Task directions. The stretch from the line with "膝の周りをただ揉むだけでなく" through the line with "The fraction recovery" in the records below: write it out exactly, and nothing else.

Listed entries.
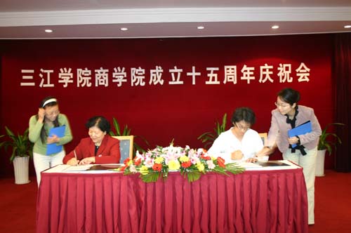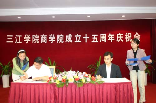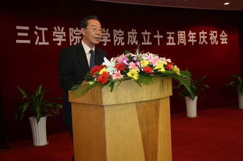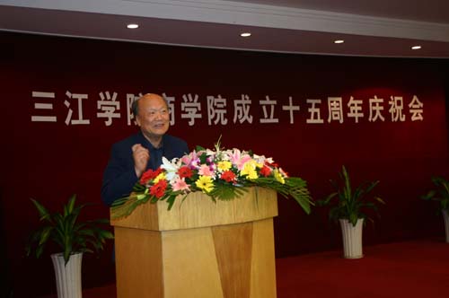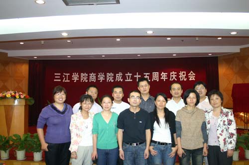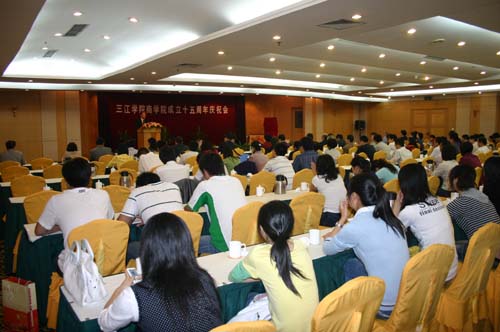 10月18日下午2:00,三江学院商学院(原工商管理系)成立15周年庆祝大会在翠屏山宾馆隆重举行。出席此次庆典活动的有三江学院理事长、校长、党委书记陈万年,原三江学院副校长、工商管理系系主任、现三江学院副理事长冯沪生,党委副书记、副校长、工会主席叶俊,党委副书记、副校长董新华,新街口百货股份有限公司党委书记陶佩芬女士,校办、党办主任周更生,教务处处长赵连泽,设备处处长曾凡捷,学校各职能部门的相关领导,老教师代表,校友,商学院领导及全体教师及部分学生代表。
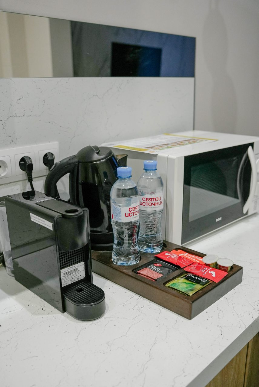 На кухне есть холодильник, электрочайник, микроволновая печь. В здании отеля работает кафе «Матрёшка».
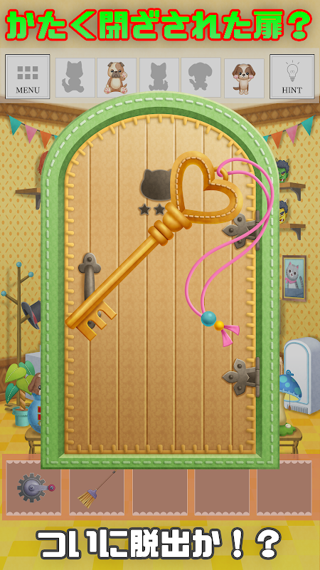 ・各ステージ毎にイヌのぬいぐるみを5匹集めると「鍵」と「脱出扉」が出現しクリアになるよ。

...

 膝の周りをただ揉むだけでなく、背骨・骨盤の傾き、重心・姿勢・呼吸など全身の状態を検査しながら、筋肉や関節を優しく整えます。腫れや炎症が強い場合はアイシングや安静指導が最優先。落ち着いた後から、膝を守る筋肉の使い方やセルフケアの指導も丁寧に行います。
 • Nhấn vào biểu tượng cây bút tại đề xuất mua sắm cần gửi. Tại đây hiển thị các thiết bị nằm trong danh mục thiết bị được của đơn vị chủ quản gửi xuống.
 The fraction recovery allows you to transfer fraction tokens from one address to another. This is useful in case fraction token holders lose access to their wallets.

Task answer.
 膝の周りをただ揉むだけでなく、背骨・骨盤の傾き、重心・姿勢・呼吸など全身の状態を検査しながら、筋肉や関節を優しく整えます。腫れや炎症が強い場合はアイシングや安静指導が最優先。落ち着いた後から、膝を守る筋肉の使い方やセルフケアの指導も丁寧に行います。
 • Nhấn vào biểu tượng cây bút tại đề xuất mua sắm cần gửi. Tại đây hiển thị các thiết bị nằm trong danh mục thiết bị được của đơn vị chủ quản gửi xuống.
 The fraction recovery allows you to transfer fraction tokens from one address to another. This is useful in case fraction token holders lose access to their wallets.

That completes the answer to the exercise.